I did everything in my control to ensure I got the position. I prayed about both outcomes and thanked God for the opportunity regardless of how it turned out. I was so confident I had landed the job that I hadn’t truly prepared myself for not getting it.
During these times of scarcity, emptiness, and uncertainty, I feel myself retreating to my old ways– where my purpose languishes and my soul wanders. I grasp at entertainment or the wrong people and places to fill the void where God should eternally be.
When surrounded by earthly needs, I realize my greatest need has been and will always be the Lord. He’s the one who fills my cup when it’s running empty (Psalm 23). He renews my strength when I run weary (Isaiah 40:31). Jesus gives me rest when I’m heavy laden (Matthew 11:28-30).
We aren’t supposed to simply drape our burdens at God’s feet; we are to lay them at His feet. When things aren’t going our way, it might be because we haven’t fully surrendered our life to Him. We haven’t fully let go of everything that consumes us daily.
A relationship with God can’t involve one foot in the world and one foot in Christ. Jesus is our anchor to God and will guide us through the flood of worldly pull and sin back to our Father.

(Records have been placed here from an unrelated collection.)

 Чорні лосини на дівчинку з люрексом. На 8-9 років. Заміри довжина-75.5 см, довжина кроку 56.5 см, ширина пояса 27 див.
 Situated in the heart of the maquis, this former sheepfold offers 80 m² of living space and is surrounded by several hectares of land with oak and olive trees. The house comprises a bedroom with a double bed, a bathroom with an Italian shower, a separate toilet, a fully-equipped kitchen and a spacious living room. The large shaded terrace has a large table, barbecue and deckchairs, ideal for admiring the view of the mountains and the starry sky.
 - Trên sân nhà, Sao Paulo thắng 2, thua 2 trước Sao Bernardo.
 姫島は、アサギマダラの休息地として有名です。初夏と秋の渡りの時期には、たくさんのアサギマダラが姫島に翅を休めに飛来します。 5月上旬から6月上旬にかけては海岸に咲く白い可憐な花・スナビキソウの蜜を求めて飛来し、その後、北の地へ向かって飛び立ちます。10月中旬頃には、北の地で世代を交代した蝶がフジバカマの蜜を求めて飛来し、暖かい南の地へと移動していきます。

I tend to refrain from sharing my feelings and emotions with others when I’m struggling internally. But when it comes to God, I know I can be free with him. He welcomes my broken prayers. He invites me from the mess into His strength and peace. He offers a safe place to completely submit my fears, burdens, and worries about tomorrow. Before I even pray, He already knows it all.

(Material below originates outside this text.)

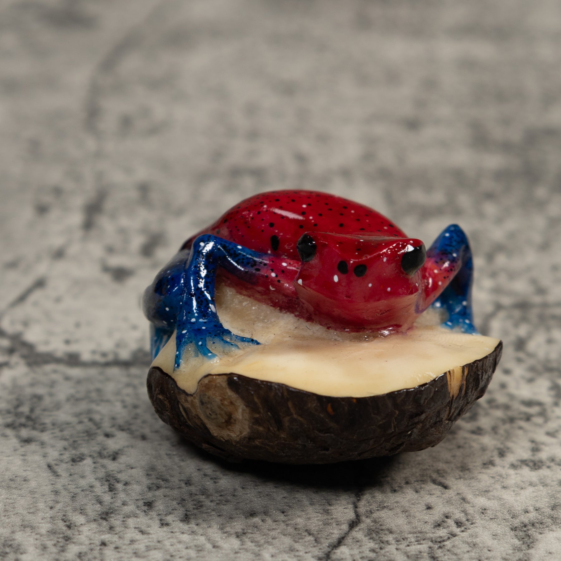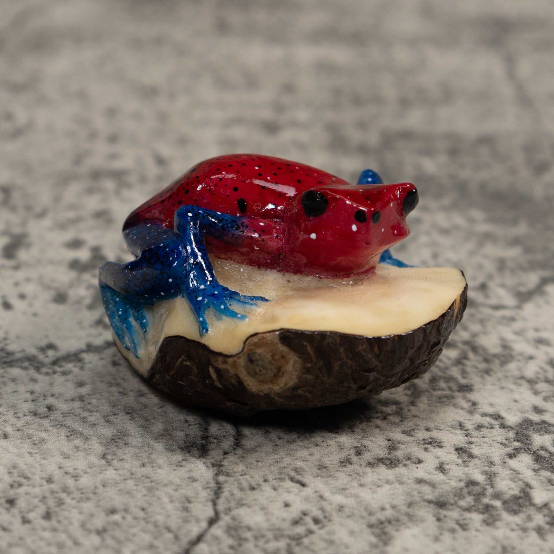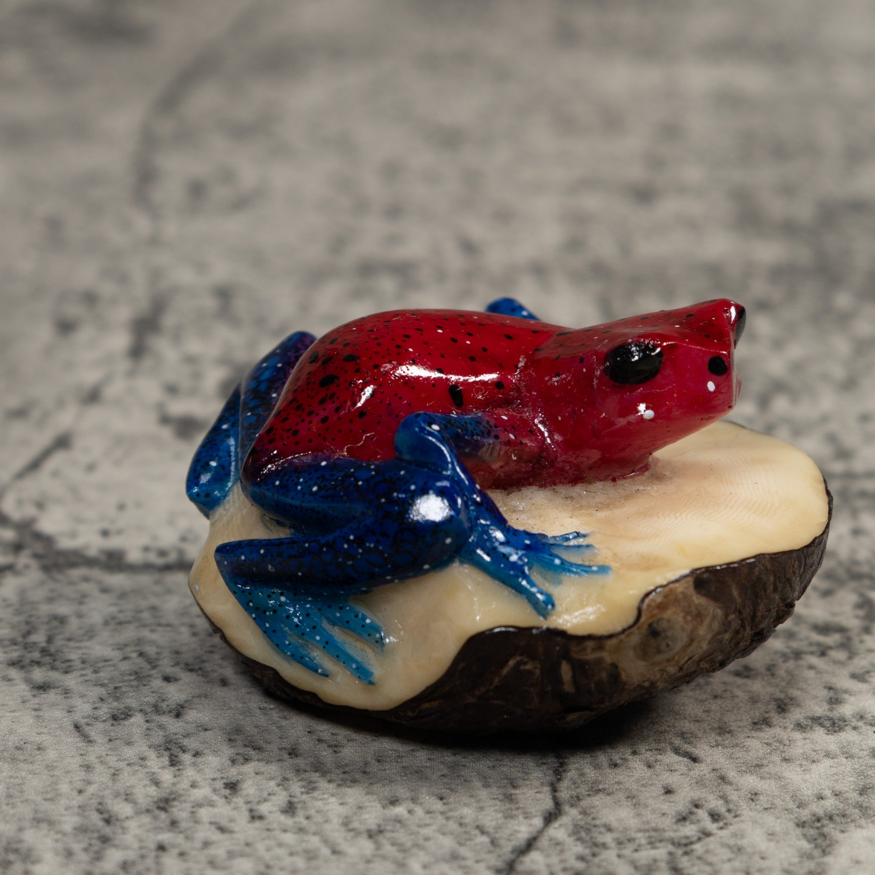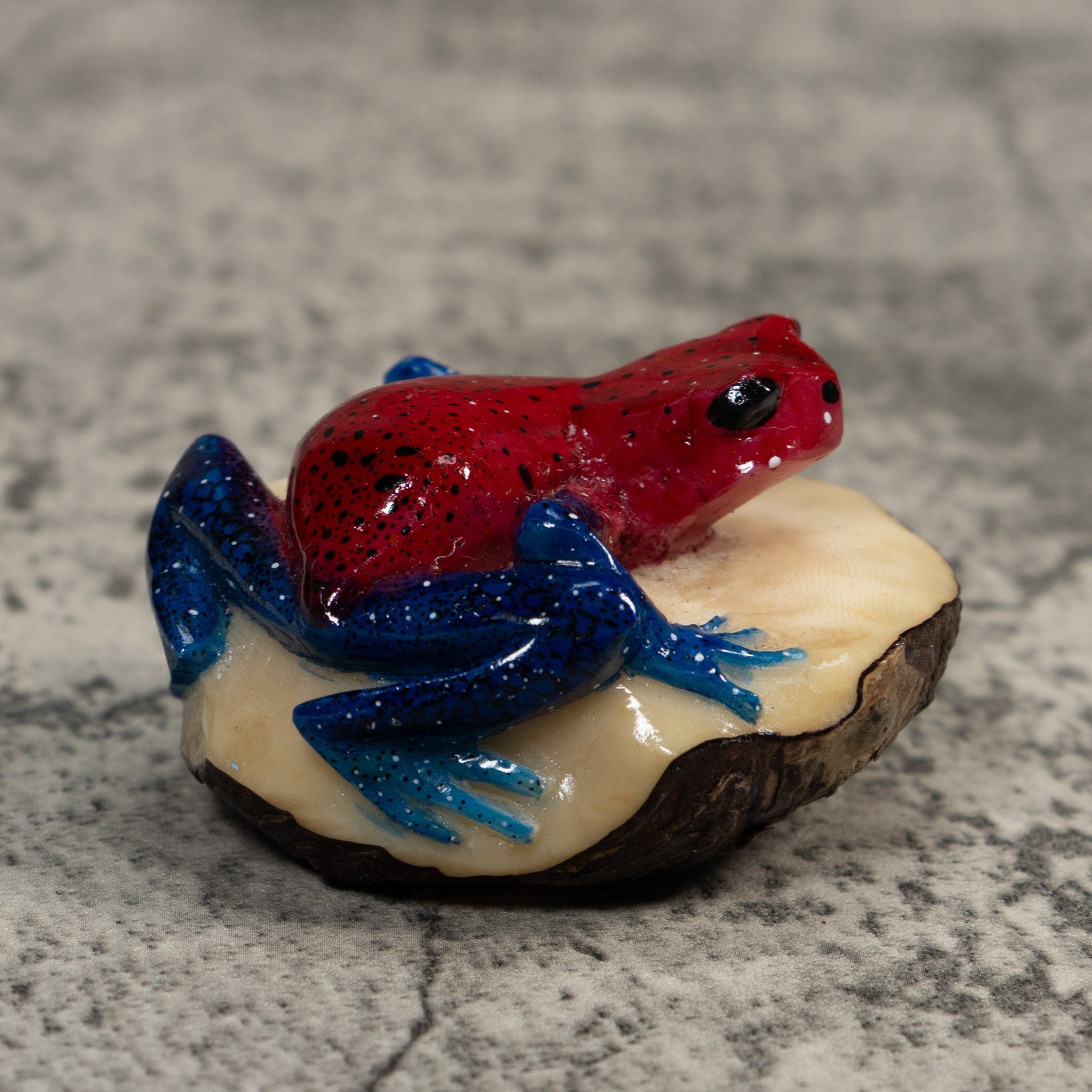 Hand carved from sustainably harvested tagua nut, often called “vegetable ivory”, this charming Frog celebrates the rich biodiversity of the Latin American rainforest. Each small sculpture is created by skilled artisans in Panama who carefully shape and polish the natural nut before bringing the animal to life with detailed hand painting. Every piece is made by our artisan partners for TraderBrock, helping support traditional craft and fair, long term relationships with local makers.

Our fears become defenseless in the power of God’s promises. Our worries and doubts about the future become paralyzed whenever we let God be the rightful author of our futures.
My whole world is in His hands. As soon as I think I know better than God, I’m humbled in all the ways that bring me back closer to Him. As life gets busier and more chaotic, my center shifts to the things of this world. Realignment back to the One who knew me first and knows me best is a daily decision.
God has been pursuing me from the moment I took my first breath. Even when I don’t feel or see God working, the ceaseless everyday blessings remind me that He is. If God feeds and watches over the sparrows, how much more does He value and love us? If God dresses the lilies of the field, how much more will He clothe you and me?
In Matthew 6:33, We are instructed that if we “seek first the kingdom of God and His righteousness, all these things shall be added to you.”
If we take the time to focus on everything we have instead of everything that we don’t, we approach our life from a place of abundance, not scarcity. God walks by us in our valleys and at our peaks. He knows what we’ve gone through and what we will go through. He understands that weight and pain.
God deserves the fullness of what we can give, not the scraps of our days. It’s sad to think that the God who gave us everything sometimes goes days without receiving anything from us. When we make room for God in our lives–
Our perspectives concerning our hardships transform.
Our joy is restored.
Our peace is sustained.
Even though I didn’t get the job, it doesn’t mean God isn’t in the midst of my unknown. He sheds light on the places I can’t yet see. He offers opportunities that I didn’t think of before. I’m holding on to the promises that say I’m His and the reminder that in Him, “goodness and mercy will follow me all the days of my life” (Psalm 23:6).